Nyx clenched her fists and her eyes shifted to look at her with the utmost incredulity. “Elmiryn–!” Arduino pressed in again, and her words cut off with a wince.
Elmiryn pursed her lips and looked at Lethia who seemed to be pleading as well as she could without speaking. She looked back at Nyx, whose brow now glistened with sweat. The humor in her became subdued. There was a difference between fighting and protecting…but when one was forced to choose who to protect…?
The woman held up her hands. Her nose itched with anger, and her jaw became tight, but the situation seemed beyond her. “Sorry, kid. We agreed to let you travel with us–that didn’t mean I had to put my neck on the line for you. Or rather, Nyx’s.”
This came from Nyx and Lethia both. Elmiryn looked at Nyx, frowning. “Look it’s either one or the other. You want to start a fight after having your throat slit like a pig?”
“Lia, you made an excellent choice. Now take your friend and back away, back the way you came like you were going to.”
Elmiryn reached for Nyx slow and pulled her back, hands tight on her shoulders as the orchestra of movement began. Arduino and Graz shifted to take their places, Graz facing Lethia as his brother watched Elmiryn and Nyx move backwards. Paulo moved in, his crossbow now fixed on Argos.
“We can’t just let them take her.” Nyx whispered.
“I thought you didn’t want to fight.” Elmiryn replied.
“Not the way you were going to! I mean…of course I didn’t want to fight, but I didn’t want Lethia taken, either! We could’ve done something.”
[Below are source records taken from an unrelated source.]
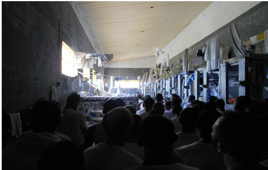
Cela em notável estado de superlotação.
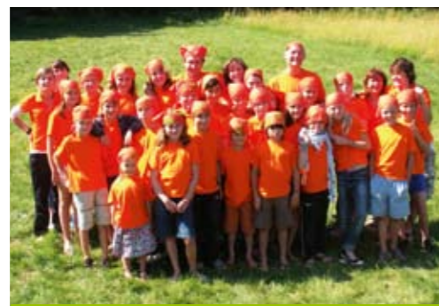
Le camp des Petits Indiens en Haute-Loire.

Nous en profitons pour remercier tous ceux qui nous soutiennent pour l'organisation de ces activités et ces manifestations qui nous permettent de poursuivre nos projets d'aide humanitaire en Afrique.
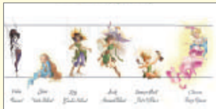
④ディビット・クリスチアナによる「ディズニー フェアリーズープリラの夢の種」挿絵原画 / デイビット・クリスチアナ作 ⑤妖精ベックのモデルシート ⑥妖精のサイズ・コンパゾン・シート
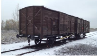
Wagon de déportation près de la « Judenrampe » à Auschwitz-Birkenau (2013).

Rendez-vous au Monument à 10.15 heures. Une réception sera offerte après la cérémonie par Monsieur le Bourgmestre et le Collège échevinal de la commune de Wincrange.
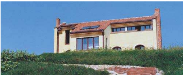
Casa de vacanță, Balotești, vederi, plan parter
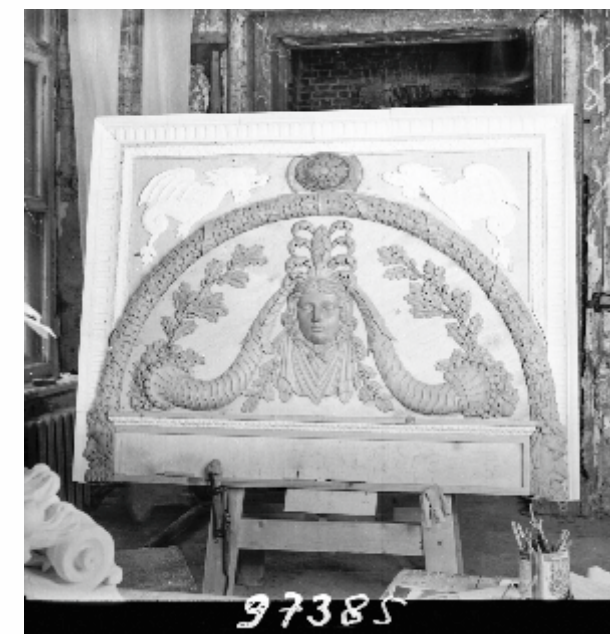
Илл. 6. Лидия Алексеевна Стрижова – скульптор-модельщик.
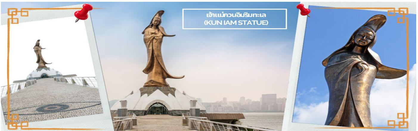
เจ้าแม่กวนอิมริมทะเล (KUN IAM STATUE)

นำท่านผ่านชม เจ้าแม่กวนอิมริมทะเล (The Statue of Kun Iam) เจ้าแม่กวนอิมปรางค์ทองสร้างด้วยทองสัมฤทธิ์ทั้งองค์ มีความสูง 18 เมตร หนักกว่า 1.8 ตัน ประดิษฐานอยู่บนฐานดอกบัวงดงามอ่อนช้อย สะท้อนกับแดดเป็นประกายเรืองรองเหลืองอร่ามงดงาม จับตา เจ้าแม่กวนอิมองค์นี้เป็นเจ้าแม่กวนอิมลูกครึ่ง คือ บั้นเป็นองค์เจ้าแม่กวนอิมแต่กลับมีพระพักตร์เป็นหน้าพระแม่มาลีที่เป็นเช่นนี้ก็เพราะว่าเป็นเจ้าแม่กวนอิมโปรดเกสตั้งใจสร้างขึ้นเพื่อเป็นอนุสรณ์ให้กับมาเก๊าในโอกาสที่ส่งมอบมาเก๊าคืนให้กับจีน
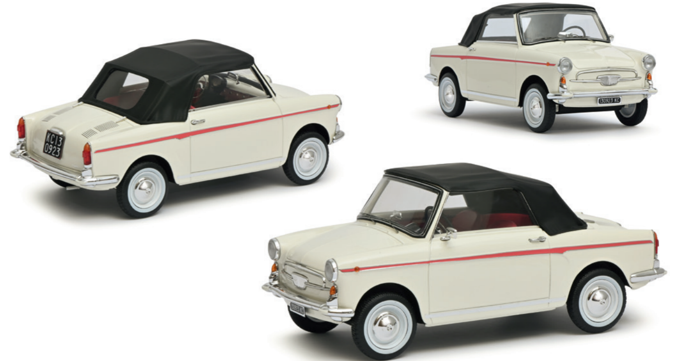
Autobianchi Cabriolet Autobianchi convertible

The Schuco PRO.R18 series offers a range of exceptional and finely designed models of limited production vehicles. Thanks to this high-quality modelling material, it is possible to reproduce very rare and exotic original vehicles with a very high level of detail and quality of finish throughout.
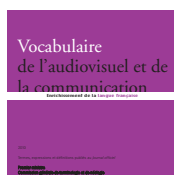
Audiovisuel et communication 2010
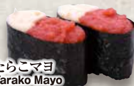
たらこマヨ Tarako Mayo Cod Roe & Mayonaise 鱈鱼子 蛋黄酱
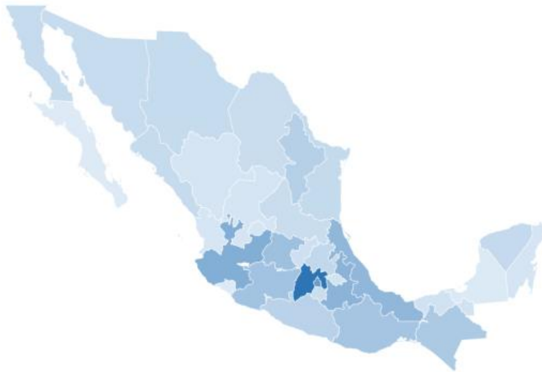
Gráfica 2 UNIDADES ECONÓMICAS POR ENTIDAD FEDERATIVA

A nivel de entidad federativa, el estado de México y Ciudad de México concentran el mayor número de establecimientos en el país. Baja California Sur y Colima son las entidades con menos unidades económicas.
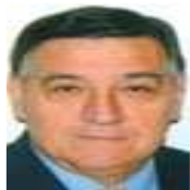
Milutin Mrkonjić – SPS

Nyx growled and clenched her fists. Lethia had started crying and Argos was a mass of hostility before her. Paulo hefted up his crossbow as though preparing for a shot. He glared at the dog. “Stupid mutt…” He wheezed. “Don’t you know your owner will leave you covered in death? I should shoot you, to save you the horror.”
Elmiryn froze, scowling.
Graz turned his head a little to look at him. “Paulo, shut up.”
“No really! Dogs are supposed to have better perception. If this one’s so smart, why can’t he see that this girl and her mistress bring nothing but death and nightmares?”
Arduino glanced at him. “Enough, Choi. Say no more.” He looked back at Elmiryn. “Keep moving!”
Paulo’s grip on the crossbow turned shaky. His voice cracked and his finger twitched on the trigger. His gaze turned to glass. “I haven’t…haven’t slept well since we visited their gods damned tower… What a stupid animal! Does he think being buried underneath a tree will justify his life!? I won’t let that happen to me!!” The crossbow fired. The boy blinked, looking at his crossbow as though it had betrayed him. Argos let out a low growl and limped back against Lethia, who stumbled under his weight. A bolt stuck out of his left shoulder blade, and his white fur became stained in crimson.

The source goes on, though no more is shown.